The International Cycling Union has stripped Lance Armstrong of his 7 Tour de France wins . UCI president Pat McQuaid said: “Lance Armstrong has no place in cycling. He deserves to be forgotten.”
The UCI is acting in response to a “Reasoned Decision” by USADA , which claims Armstrong presided over “the most sophisticated, professionalised and successful doping programme that sport has ever seen”.
The decision includes the findings that:
“He was not just a part of the doping culture on his team, he enforced and re-enforced it.”
And the conclusion that, with their disposal of Armstrong:
“So ends one of the most sordid chapters in sporting history.”
Public condemnation has been swift, and harsh:
“Lance Armstrong has made it hard for anyone to trust cycling”
(British Cycling boss Dave Brailsford) .
“LANCE Armstrong is a creep. A liar, cheat and a bully. So awful is Armstrong, you are right to question whether all his work for cancer patients is not just calculated camouflage to protect his abuse of drugs, his competitors, teammates and supporters.

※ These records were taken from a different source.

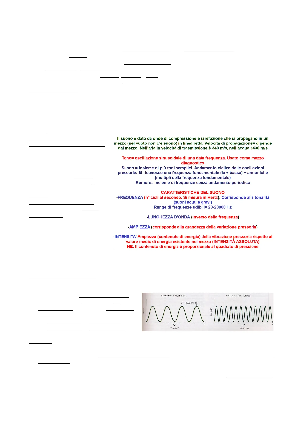 Il suono è dato da onde di compressione e rarefazione che si propagano in un mezzo (nel vuoto non c'è suono) in linea retta. Velocità di propagazione= dipende dal mezzo. Nell'aria la velocità di trasmissione è 340 m/s, nell'acqua 1430 m/s Tono= oscillazione sinusoidale di una data frequenza. Usato come mezzo diagnostico Suono = insieme di più toni semplici. Andamento ciclico delle oscillazioni pressorie. Si riconosce una frequenza fondamentale (la + bassa) + armoniche (multipli della frequenza fondamentale) Rumore= insieme di frequenze senza andamento periodico
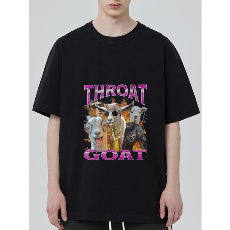 Black T Shirt with Throat Goat Graphic Print and Goats Pattern for Casual Wear
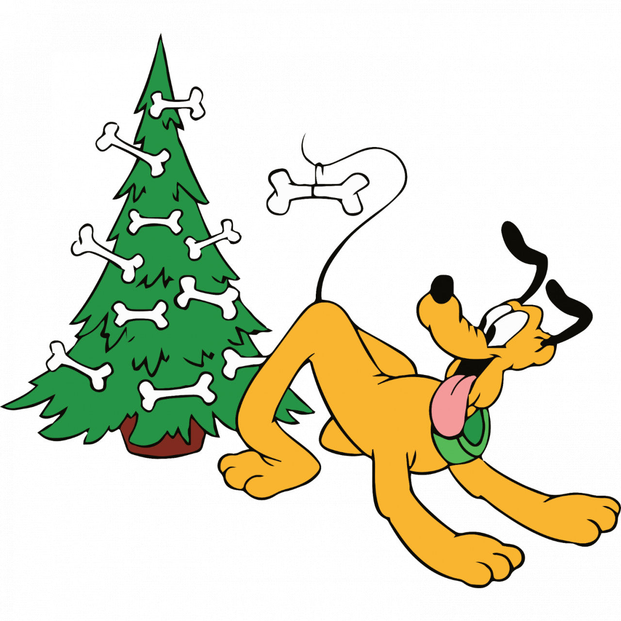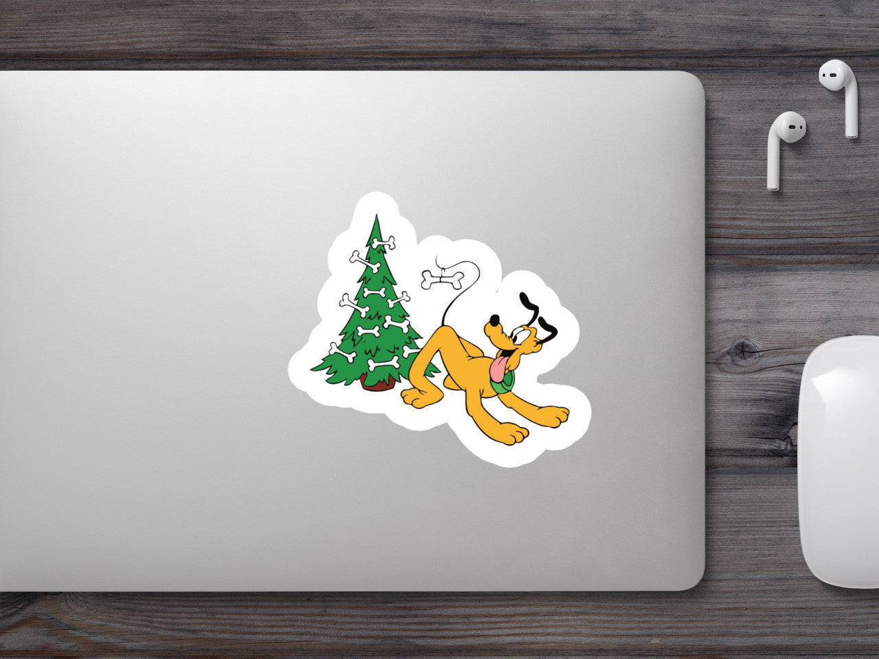 Set 5 bucati, Sticker decorativ, Pluto si pomul de craciun cu oase in el, Rezistent la apa, NO7536, 6 cm, Multicolor

He is not just part of the drug regime that saturated cycling when he was at his peak, but he has been that culture’s bodyguard. Its enforcer. And he remains so today, arrogantly dismissing the US Anti-Doping Agency findings by telling the world through Twitter that he was “unaffected” by the release of the 1000-page investigation findings. No one in sport has lived a bigger lie.”
The Australian
It is hard in the face of the evidence presented to imagine that Armstrong rode clean. Nevertheless, he has become a scapegoat for endemic problems in cycling and sport that go far beyond the purview of any one rider, however successful and charasmatic.